Glocal’s investigation into the complaint’s allegations was headed by Dr. Davuluri Venkateswarlu, joined by Dr. Jacob Kalle, Ms. Meghana, and Ms. Manjushree. The onsite investigation was conducted from April 3-7, 2019 and the team submitted its investigation report in May 2019.

The report outlines the investigation methodology, including engagement with workers both onsite and offsite, with factory management, and additional outreach, as well as a detailed document review and analysis. The report submitted by Glocal reflects the investigative team’s careful review of the allegations raised by the complainant concerning sexual harassment, freedom of association violations, and other conditions at the Carnival Clothing factory, as reflected in the range of interviews conducted both onsite and offsite, detailed document review, factory walkthrough, and so on. A portion of the report is framed in a spreadsheet format describing the allegations, documents reviewed and meetings/interviews conducted, and in turn the summary of findings and proposed sustainable corrective action plan. This effectively links proposed corrective actions to the underlying findings and conclusions.

The FLA has carefully reviewed each of those elements of the report, in particular the findings and corrective action plan. Consistent with its longstanding practice, the FLA does not substitute its own judgment for that of the independent third-party investigator(s) with respect to description and terminology/word choice, nor with respect to the findings and proposed corrective actions. In fact, there are certain terms used in the report, including with respect to consideration and review of the sensitive sexual harassment allegations, that do not conform with standard FLA usage. That said, taken as a whole, the report follows a careful methodology and by all indications is sound in its characterization of the allegations and in its findings with respect to them.

Most importantly, the report is thorough in its framing of the numerous corrective actions it recommends that Carnival Clothing needs to undertake to address both the specific allegations and more systemic shortcomings identified as a result of the investigation. These include documented failures by factory management to communicate adequately to workers concerning critical issues such as work schedules and overtime work; channels available for reporting grievances and seeking redress; appropriate procedures for review of complaints pertaining to allegations of sexual harassment; and requests made for transfers within the factory; all central issues raised in the complaint. More broadly, the report documents the need for factory management to engage proactively with union officials in resolving grievances.

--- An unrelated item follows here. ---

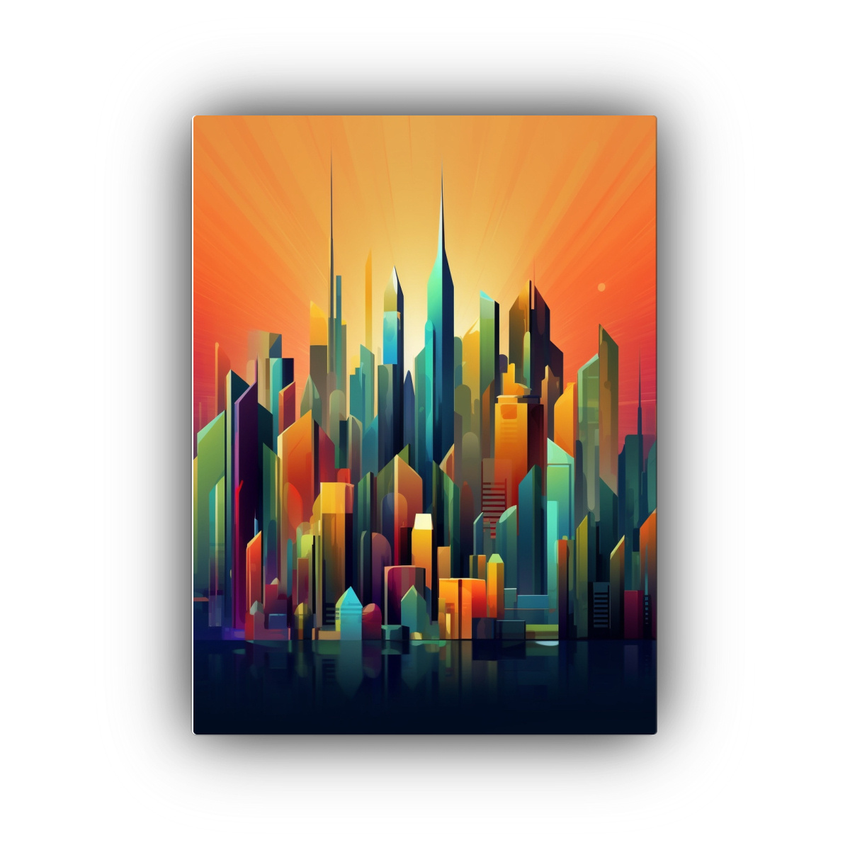 DecoCuadros ofrece cuadros decorativos impresos en tela de alta calidad con bastidores de madera Nuestro cuadro ‘Cuadros decorativos de ciudad con paisaje urbano geométrico simplificado de diferentes edificios’ presenta una combinación de colores Coral, Azul Marino grisaceo, Gris, Carmesí, Amarillo Claro, Beige y Menta Destaca por su diseño exclusivo y su excelente relación calidad-precio

The report therefore recommends a series of corrective actions to be taken by factory management. Many of these concern the need for much more effective training of workers and management alike with regard to sexual harassment issues, and of those serving on the Grievance Redressal Committee that is responsible for the handling of complaints as well as of other pertinent committees referenced in the report. Other recommendations focus on the need to empower women by putting more of them in supervisory positions and for communicating to workers more broadly on their legal rights and entitlements; as part of the terms of their employment. The report concludes with additional recommendations tied to specific elements of what it terms working conditions. These are all sound recommendations that fit within the scope of the Sustainable Corrective Action Plan developed by the investigators.

The FLA is pleased with the detailed and practical set of proposed actions in that Plan, which it believes – if implemented fully and faithfully by factory management – will go a long way to repairing the policy errors and omissions highlighted in the report. The FLA endorses these recommendations, including those focusing on the exercise by workers of legal rights enshrined both in law and in the FLA’s Code and Benchmarks. The FLA therefore urges adidas to work closely with factory management to implement the listed corrective actions as expeditiously as possible, and to report back in a timely fashion on the status of their implementation. The FLA stands ready to provide guidance and assistance concerning the means for ensuring that these recommendations are indeed implemented effectively to advance the interests and needs of the complainant union’s members and the Carnival Clothing workforce as a whole.